4. Allscripts may use your PHR Data to operate and manage the Customa Patient Portal platform, software, and website; maintain and protect its computer systems; and comply with the law, such as responding to subpoenas and search warrants.
5. Allscripts may de-identify your PHR Data.
6. Allscripts may use your PHR Data for marketing and advertising purposes, including sending you customized marketing and advertising communications whether on our behalf or on behalf of third party partners with whom we may engage. Allscripts will not sell any identifiable information about you to our third party partners without your consent.
D. Sharing Your Information With Third Parties
1. Allscripts may make your PHR Data available to third parties participating in the Service that are authorized by you or as necessary to complete transactions you authorize. Additionally, Allscripts may make your PHR Data available to third parties as directed by you. Allscripts may provide De-Identified Data to third parties and Service Providers that provide products and services to us, that help market or advertise to you, or that provide products or services to you. State laws may vary, and Allscripts may request an additional authorization from you. We may use third parties or Service Providers to perform any of the actions or activities allowed under this Privacy Policy and Terms and Conditions or pursuant to your valid authorization.
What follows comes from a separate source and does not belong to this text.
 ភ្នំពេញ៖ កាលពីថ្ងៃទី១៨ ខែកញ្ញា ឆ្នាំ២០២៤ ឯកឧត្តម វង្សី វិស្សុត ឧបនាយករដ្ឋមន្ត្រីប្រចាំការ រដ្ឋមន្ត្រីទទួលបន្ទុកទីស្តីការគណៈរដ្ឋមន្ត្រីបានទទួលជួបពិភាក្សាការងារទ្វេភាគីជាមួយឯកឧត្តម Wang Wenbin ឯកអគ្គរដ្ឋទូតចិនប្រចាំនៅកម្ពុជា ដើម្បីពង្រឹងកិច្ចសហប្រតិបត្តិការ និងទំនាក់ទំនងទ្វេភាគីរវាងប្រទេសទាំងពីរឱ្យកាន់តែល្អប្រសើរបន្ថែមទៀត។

2. Allscripts may disclose your PHR Data to Allscripts' Service Providers that provide technical support or other services to Allscripts related to the Service. All such Service Providers are subject to confidentiality obligations and may only access and utilize your data for purposes of fulfilling their obligations to Allscripts.
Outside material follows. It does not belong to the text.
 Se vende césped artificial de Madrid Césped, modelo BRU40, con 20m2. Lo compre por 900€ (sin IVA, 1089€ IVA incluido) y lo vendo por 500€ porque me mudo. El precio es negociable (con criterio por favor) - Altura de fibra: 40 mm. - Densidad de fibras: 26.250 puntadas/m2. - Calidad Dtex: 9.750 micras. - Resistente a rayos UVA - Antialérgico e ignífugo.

3. Allscripts may provide or sell Aggregate Data or De-identified Data to third parties, however, Allscripts will not sell any identifiable information about you to our third party partners without your consent.
4. If a third party acquires the assets of Allscripts related to the Service and its products and services (whether by sale, merger, change of control, bankruptcy or otherwise), your PHR Data may be transferred to the new owner(s). In such case, your PHR Data would remain subject to the provisions of the Allscripts privacy policy that was in effect immediately prior to the transfer unless Allscripts provides you notice otherwise.
E. Choices You Have About How Allscripts Uses Your Information
1. Managing Your Account. You have the following choices regarding the Personal Information you provide to Allscripts for use:
2. Generally, you may change how your information is used and disclosed through the account setting and account management features. As explained more fully in the Terms and Conditions, modifications to your Customa record are not automatically communicated to your Providers or any third-party sources. If you want your Provider or a third party to know of changes within your Customa record, you must inform the Provider or third-party of such changes.
3. You may access your Customa account at any time to review your PHR Data. To request a change to any of your Personal Information, please contact your healthcare provider or the organization that provided the Personal Information for your Customa account. For technical questions related to the Customa product, please access the email support link on the Customa Support page.
4. You may opt out of receiving various communications with regard to the Service by changing your account settings or, if the account settings feature is unavailable, by notifying Allscripts at info@customa.com.au.
5. Authorized Individuals. You may grant access to your Customa account to one or more Authorized Individuals or Authorized Individual-Representatives. You may grant an Authorized Individual access to your Customa account by specifically authorizing Customa to permit access by such Authorized Individual to your Customa account. When you grant access to an Authorized Individual, you may permit the Authorized Individual to: (a) have the same level of access to your Customa account as you have, i.e., the Authorized Individual will be authorized to access your Customa health record and to communicate with your Providers and/or engage in other transactions with your Providers to the same extent that you are able using Customa; or (b) have "read-only" access to your Customa account, i.e., the Authorized Individual will be authorized to access and read your Customa health record ONLY, and will NOT be able to communicate with or otherwise engage in transactions with your Providers. Whether or not to grant an Authorized Individual full-access or read-only access to your Customa account is your decision. You acknowledge and agree that: (a) you are solely responsible for verifying the identity of, and monitoring the use by, any Authorized Individual you select; and (b) Allscripts has no responsibility or liability in connection with any access to, or use of, your account and information by any Authorized Individual or Authorized Individual-Representative.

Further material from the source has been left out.